Escola sem Partido: retrocesso à vista
- Eliete Carvalho
- 17 de jan. de 2020
- 3 min de leitura
Atualizado: 27 de jan. de 2020

Sou professora. Ensino há mais de vinte anos. Nunca vi, durante todo esse tempo em que dou aula, a escola ser o centro das atenções como ultimamente nos discursos da extrema direita. Quando escuto ou leio sobre a chamada escola sem partido, vejo-me muito agredida e desrespeitada psicologicamente, moralmente e intelectualmente enquanto profissional.
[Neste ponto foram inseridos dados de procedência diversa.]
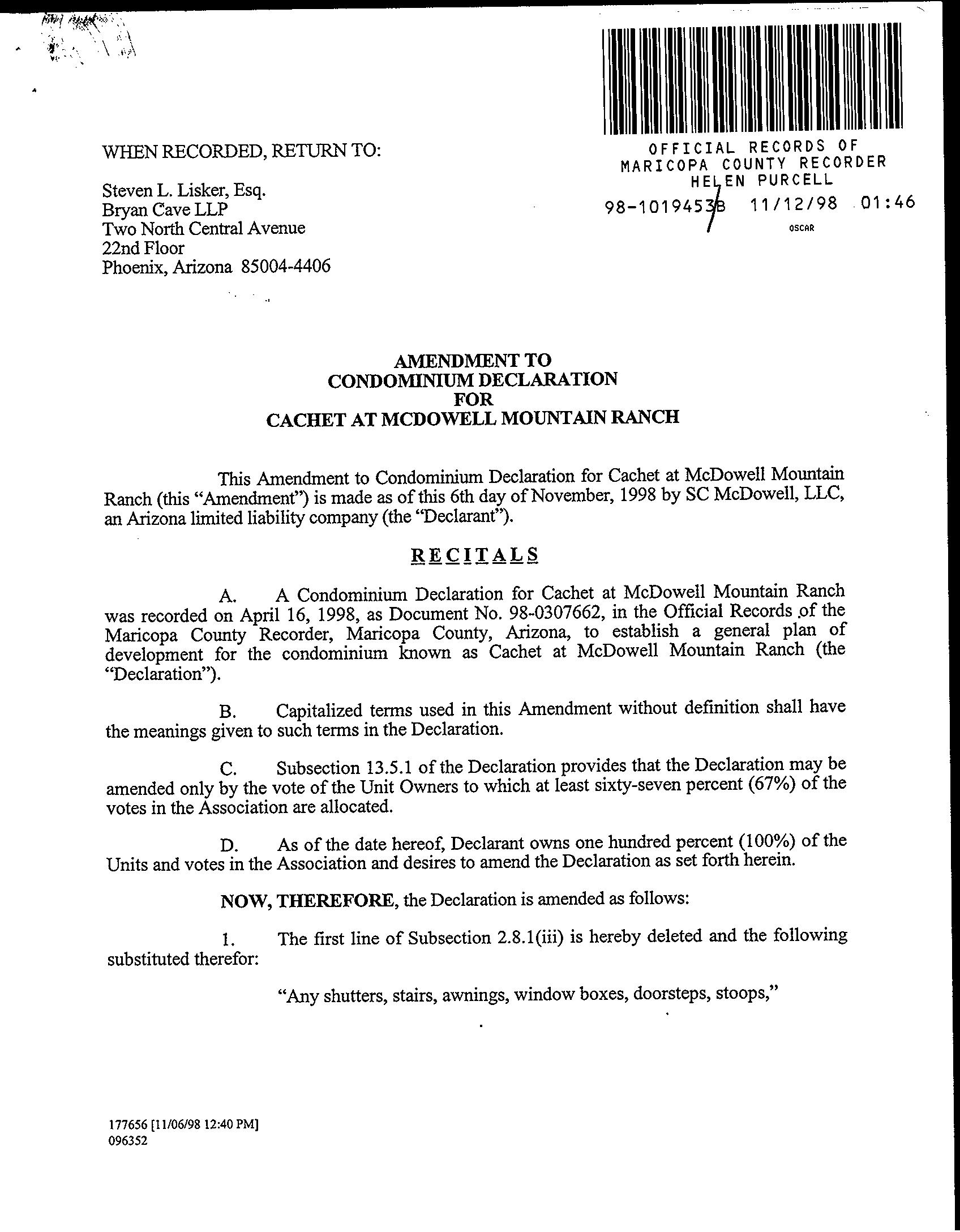 MARICOPA, AZ Document:MIS 1998.1019453B Page:1 of 12 Printed on:2/9/2023 11:21 AM Branch :FC0 User :JSTI

A pauta da escola sem partido, além de afrontar a escola e os professores, é equivocada e nos leva ao retrocesso, quanto ao pluralismo de ideias e de conhecimento.
O que se está em jogo não é se a escola tem um ensino de qualidade, se os alunos de fato aprendem, se a merenda é boa, se a estrutura física é adequada, se tem laboratórios de ciências, de informática, de leitura ou bibliotecas, ou mesmo, se os professores são valorizados no exercício de suas funções. A preocupação é outra: o monitoramento aos professores, chamados pelos tais conservadores, de “doutrinadores”, ou seja, da liberdade de ensinar dos professores em sala de aula. Por conta disso, está havendo o chamado “denuncismo”. Cartazes, insultos, textos apócrifos e ameaças se espalham pelas Universidades. O mais recente aconteceu na Unidade Federal de Pernambuco, onde se propagou, pelo campus, um texto apócrifo listando os nomes de professores, segundo o texto, “transgressores”, “esquerdistas” e “comunistas”. Esses “esquerdopatas” seriam banidos do sistema educacional.
O discurso de que a escola está “doutrinando” as crianças e os jovens, pregado por aqueles que nada entendem de educação, é absurdamente antidemocrático e fere a Constituição e a própria Lei de Diretrizes e Bases (LDB), quando diz que as escolas têm autonomia frente à gestão democrática e ao seu Projeto Político Pedagógico. Dá para imaginar uma escola sem sua autonomia? Sem seu projeto Político Pedagógico? Não! Não dá. Mas, infelizmente, o movimento ganha corpo e a caça às “bruxas” já começa a surgir país afora com ameaças e perseguições a muitos docentes. Imaginem se esse tal projeto, que é uma asneira geral, é aprovado em Brasília. Já pensou? Quero deixar bem claro aqui, que eles não querem uma escola sem partido, na verdade, apenas almejam uma escola atrelada, sob o controle do discurso único – o deles! Um discurso autoritário.
Mas o que prega o Projeto Escola sem Partido? Posso garantir que boa coisa não é. O que mais chama atenção é “o conhecimento neutro”, desprovido de qualquer contextualização, como se isso fosse possível. Mas como seria o ensino de Língua Portuguesa neutro? Dá para imaginar? O professor, para ser neutro, não tocará na questão do preconceito linguístico. Ele será proibido de mencionar que a língua apresenta particularidades ou mesmo que o respeito às diversas formas de variações linguísticas deve existir entre seus falantes. Mas como fica o Nordeste? Essa região é a mais que sofre com esse tipo de preconceito. Dizem que falamos feio e arrastado. E, por conta disso, somos xingados e depreciados linguisticamente, principalmente, nas mídias. Não, não poderíamos falar ou debater.
Agora mesmo, vimos uma questão do ENEM que tratou do dialeto dos LGTBS e ela foi, erroneamente, incompreendida e criticada por muitos. A questão, apenas, exigia o conhecimento sobre a variação linguística, mas como mencionava o dialeto dos LGTBS causou polêmica e espanto. E ainda teve político ameaçando os critérios e as escolhas relativas ao conhecimento abordado nas avaliações. Uma vergonha nacional. Se isso não é retrocesso, não é voltar às trevas, o que mais podemos dizer diante de um projeto que desrespeita e impõe a censura em sala de aula? Por que querem o controle da liberdade de expressão? Certamente, para desviar o debate daquilo que verdadeiramente importa: o investimento em educação. E colocar a sociedade contra a escola é o jeito encontrado para dizer que se está pensando no futuro do país.
Mas para quem serve esse discurso? Acredito que serve para aqueles que acreditaram no tal kit gay. Escola sem Partido não existe. Existem escolas que prezam a liberdade e a democracia. Resistir é preciso em nome desses valores.